Stock Analysis

The three-year underlying earnings growth at GuangYuYuan Chinese Herbal Medicine (SHSE:600771) is promising, but the shareholders are still in the red over that time

SHSE:600771
Source: Shutterstock

Many investors define successful investing as beating the market average over the long term. But in any portfolio, there are likely to be some stocks that fall short of that benchmark. Unfortunately, that's been the case for longer term GuangYuYuan Chinese Herbal Medicine Co., Ltd. (SHSE:600771) shareholders, since the share price is down 45% in the last three years, falling well short of the market decline of around 29%. And the ride hasn't got any smoother in recent times over the last year, with the price 43% lower in that time. Shareholders have had an even rougher run lately, with the share price down 30% in the last 90 days. But this could be related to the weak market, which is down 13% in the same period.

After losing 5.8% this past week, it's worth investigating the company's fundamentals to see what we can infer from past performance.

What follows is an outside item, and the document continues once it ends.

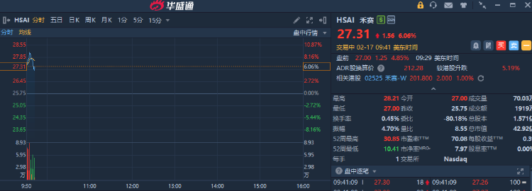 禾賽盤初一度大漲超9%,現漲約6%;據報宇樹兩款人形機器人搭載禾賽旗下激光雷達。

Check out our latest analysis for GuangYuYuan Chinese Herbal Medicine

To paraphrase Benjamin Graham: Over the short term the market is a voting machine, but over the long term it's a weighing machine. By comparing earnings per share (EPS) and share price changes over time, we can get a feel for how investor attitudes to a company have morphed over time.

During five years of share price growth, GuangYuYuan Chinese Herbal Medicine moved from a loss to profitability. That would generally be considered a positive, so we are surprised to see the share price is down. So given the share price is down it's worth checking some other metrics too.

We note that, in three years, revenue has actually grown at a 11% annual rate, so that doesn't seem to be a reason to sell shares. This analysis is just perfunctory, but it might be worth researching GuangYuYuan Chinese Herbal Medicine more closely, as sometimes stocks fall unfairly. This could present an opportunity.

The company's revenue and earnings (over time) are depicted in the image below (click to see the exact numbers).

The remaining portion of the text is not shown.